This morning we skived homeschool for a couple of hours, which is actually a rarity. Somehow we’ve managed to tow the line pretty much every day, either because we should or we could or we didn’t actually have the energy to plan something else.

What happens when you skive is that the guilt assuages while you’re out, returns when you get back but in between you get to see the world at a different time of day then you usually would.

Most of my lockdown excursions have been at sunrise, at sunset, at midday and ‘after school’, which are basically all the times either Tom has not been working on site, the kids have not been on a computer or it’s light enough to wander without worry. Today we found ourselves trudging out at 9.30am (a time I would always be out and about pre lockdown) but faced with a new kind of weather phenomenon to navigate: thick fog.
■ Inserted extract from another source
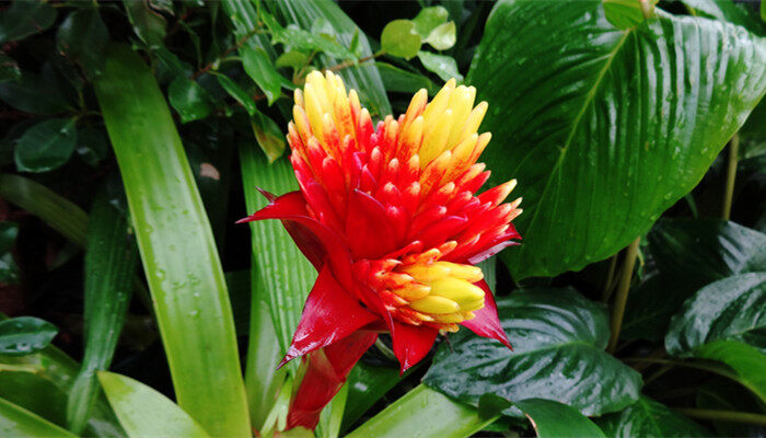 鸿运当头花名为凤梨花,学名:大花红星,属凤梨科,是冬、春季室内观赏花卉,四季常绿,花序美丽多姿,色彩丰富,常见栽培的有大红、粉红、金黄、玫红等品种。

Wanstead Flats is particularly prone to vaporous happenings. Lucky are those who observe early morning bands of mist hanging like ribbons above the grass and ponds, and threading through the stands of oak trees, especially so when accompanied by a stellar sunrise as happened last Friday as the Snow Moon was also present in the sky.

Today the mist was most definitely fog, the visibility being somewhere around 100 metres, way lower than the meteorological 1km mark that differentiates between the two. Weather forecasts to the general public generally refer to a visibility of under 180m. Both are caused by water droplets suspended in the air but mist is less dense whereas fog is like a cloud on the ground. You can’t see through it because the surface layers of the atmosphere are obscured by the droplets.

Indeed the air and ground became one as we approached The Flats, the horizon obliterated by a vapid sheet of grey. As we walked a little further into its midst, silhouettes of trees revealed themselves, the children running in and out of view as we all moved forward through it at varying speeds.

Within the stands of trees, it was like being in a bubble, the parakeets and wood pigeons holding caught in the uppermost branches. Mist and fog has a sort of timeless, fairytale appeal – an essence that swirls around castles and encircles magical mountaintops. There was certainly something ethereal about our cloud exploring today.

I’ve read that you can see a rainbow when it’s foggy or misty – or rather a fogbow (that’s its actual name). As the water droplets are smaller than rain, however, the full bow or spectrum of colours is harder to see so it often appears as a barely there arc of red and blue. We didn’t catch a fogbow today but it was exhilarating to be out in this unplanned and unexpected otherworldly dimension. The hot chocolate and foot warming session when we got home was also worth the skive.